[PROBLEM REQUIREMENTS]
Please restate word for word the lines of the entries below from the one with "Custom Built home" to the one with "Torba wielokrotnego użytku", inclusive, and leave out every picture.

[SUPPLIED DATA]
◇ ◇ ◇

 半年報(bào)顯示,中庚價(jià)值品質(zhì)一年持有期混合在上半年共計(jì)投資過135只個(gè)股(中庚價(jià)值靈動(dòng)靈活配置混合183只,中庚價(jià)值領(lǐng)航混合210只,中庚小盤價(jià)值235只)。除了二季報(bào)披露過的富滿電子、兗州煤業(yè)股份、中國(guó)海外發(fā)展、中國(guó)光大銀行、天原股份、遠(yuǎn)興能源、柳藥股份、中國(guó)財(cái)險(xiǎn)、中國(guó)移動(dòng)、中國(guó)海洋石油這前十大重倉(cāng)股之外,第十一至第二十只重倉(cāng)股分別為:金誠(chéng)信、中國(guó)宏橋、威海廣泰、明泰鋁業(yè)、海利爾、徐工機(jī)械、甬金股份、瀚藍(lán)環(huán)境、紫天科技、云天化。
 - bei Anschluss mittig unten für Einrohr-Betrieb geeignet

◇ ◇ ◇

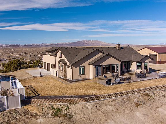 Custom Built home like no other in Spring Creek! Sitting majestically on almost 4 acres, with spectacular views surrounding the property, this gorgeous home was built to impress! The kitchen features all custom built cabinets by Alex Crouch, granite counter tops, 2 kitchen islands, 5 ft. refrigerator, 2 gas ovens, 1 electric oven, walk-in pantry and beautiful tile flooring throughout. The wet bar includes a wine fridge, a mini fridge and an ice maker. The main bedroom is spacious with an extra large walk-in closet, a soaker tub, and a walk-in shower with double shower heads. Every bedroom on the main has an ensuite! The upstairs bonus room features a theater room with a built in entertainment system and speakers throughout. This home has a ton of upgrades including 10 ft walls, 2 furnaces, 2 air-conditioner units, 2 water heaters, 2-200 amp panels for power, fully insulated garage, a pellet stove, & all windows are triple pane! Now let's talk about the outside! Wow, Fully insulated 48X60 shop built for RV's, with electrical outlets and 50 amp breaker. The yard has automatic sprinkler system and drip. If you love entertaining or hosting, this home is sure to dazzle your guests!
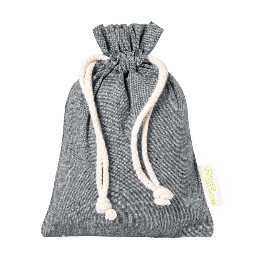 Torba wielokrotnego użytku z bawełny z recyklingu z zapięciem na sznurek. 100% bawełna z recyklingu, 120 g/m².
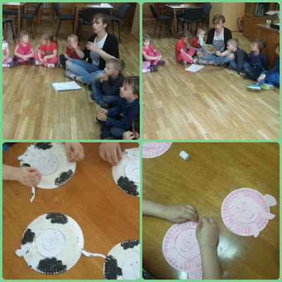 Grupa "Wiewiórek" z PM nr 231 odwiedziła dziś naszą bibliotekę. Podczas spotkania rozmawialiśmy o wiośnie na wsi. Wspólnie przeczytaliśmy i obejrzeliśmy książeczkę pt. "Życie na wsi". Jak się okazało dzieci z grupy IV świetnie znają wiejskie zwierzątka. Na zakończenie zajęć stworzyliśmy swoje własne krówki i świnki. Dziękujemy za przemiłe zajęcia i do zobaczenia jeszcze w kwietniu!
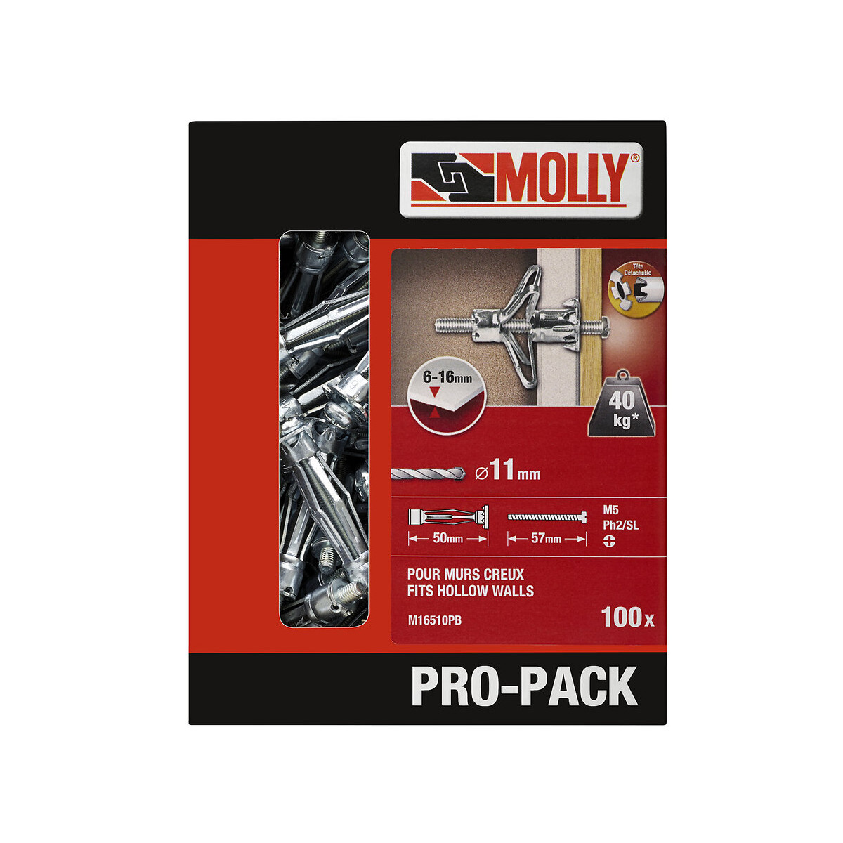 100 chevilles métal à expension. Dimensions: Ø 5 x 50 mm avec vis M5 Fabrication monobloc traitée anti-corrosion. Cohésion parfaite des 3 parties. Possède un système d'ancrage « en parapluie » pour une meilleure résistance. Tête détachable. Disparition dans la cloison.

◇ ◇ ◇

[RESPONSE TO THE EXERCISE]
 Custom Built home like no other in Spring Creek! Sitting majestically on almost 4 acres, with spectacular views surrounding the property, this gorgeous home was built to impress! The kitchen features all custom built cabinets by Alex Crouch, granite counter tops, 2 kitchen islands, 5 ft. refrigerator, 2 gas ovens, 1 electric oven, walk-in pantry and beautiful tile flooring throughout. The wet bar includes a wine fridge, a mini fridge and an ice maker. The main bedroom is spacious with an extra large walk-in closet, a soaker tub, and a walk-in shower with double shower heads. Every bedroom on the main has an ensuite! The upstairs bonus room features a theater room with a built in entertainment system and speakers throughout. This home has a ton of upgrades including 10 ft walls, 2 furnaces, 2 air-conditioner units, 2 water heaters, 2-200 amp panels for power, fully insulated garage, a pellet stove, & all windows are triple pane! Now let's talk about the outside! Wow, Fully insulated 48X60 shop built for RV's, with electrical outlets and 50 amp breaker. The yard has automatic sprinkler system and drip. If you love entertaining or hosting, this home is sure to dazzle your guests!
 Torba wielokrotnego użytku z bawełny z recyklingu z zapięciem na sznurek. 100% bawełna z recyklingu, 120 g/m².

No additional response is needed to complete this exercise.